Trading the stockmarket (NO Referrals)

Soldato
Joined
18 Oct 2002
Posts
7,039
Location
Kuala Lumpur, Malaysia
For those of your trading in US shares, how are you doing the GBP to USD exchange? Are you using a UK broker and letting them doing the conversion with what I presume will be a small mark-up or is there a trading account that you can add a despoit in USD after doing the exchange yourself at a more competitve rate?

I use IBKR - you can trade Forex too at spot rates with basically no spread (0.5 to 1 pip) to convert your currency.

Can deposit and withdraw in all major currencies.
 
Associate
Joined
17 May 2003
Posts
427
Location
Lancashire
I use IBKR - you can trade Forex too at spot rates with basically no spread (0.5 to 1 pip) to convert your currency.

Can deposit and withdraw in all major currencies.
Thanks for that. You recommended them a couple of pages back as an alternative to HL so I'll certainly take a look at them as I would like the option of trading US stocks without getting stung with too many fees.
 
Soldato
Joined
18 Oct 2002
Posts
7,039
Location
Kuala Lumpur, Malaysia
Thanks for that. You recommended them a couple of pages back as an alternative to HL so I'll certainly take a look at them as I would like the option of trading US stocks without getting stung with too many fees.

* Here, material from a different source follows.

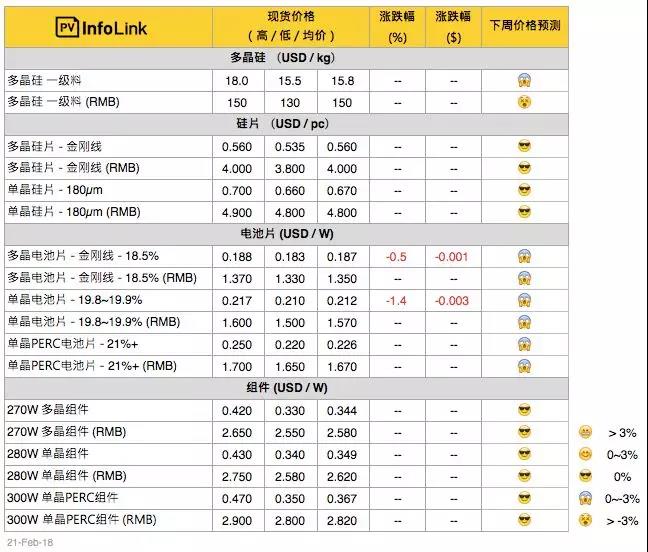 近期组件并未出现太多新的成交价,包括美国市场虽201税率已见明朗,现货价格仍因为成交量稀少而未出现明显变动。国内市场部分,常规多晶组件在大型专案订单维持先前每瓦略低于2.6元人民币的价格。由于农历年前后需求冷清,不少组件厂二月也将出现开工率下调的情形。

It really depends on your account size / how active you are if it's worth it.

IBKR has $10 / month inactivity fees if holdings are under $100k equivalent and data feeds (ie. live prices) require a subscription. But this cancels out quickly in the fees you save (US stocks / ETFs are $0.005 per share with a $1 minimum)

There's also introducing brokers such as Captrader which is basically a white label for IBKR which doesn't have the inactivity fees but higher trading fees :

https://www.captrader.com/en/account/commissions/
https://www.interactivebrokers.com/en/index.php?f=1590&p=stocks1
 
Soldato
Joined
20 Dec 2004
Posts
15,844
The next couple of weeks is going to be interesting. My take is that the markets have currently priced in an almost complete return to normality by next year.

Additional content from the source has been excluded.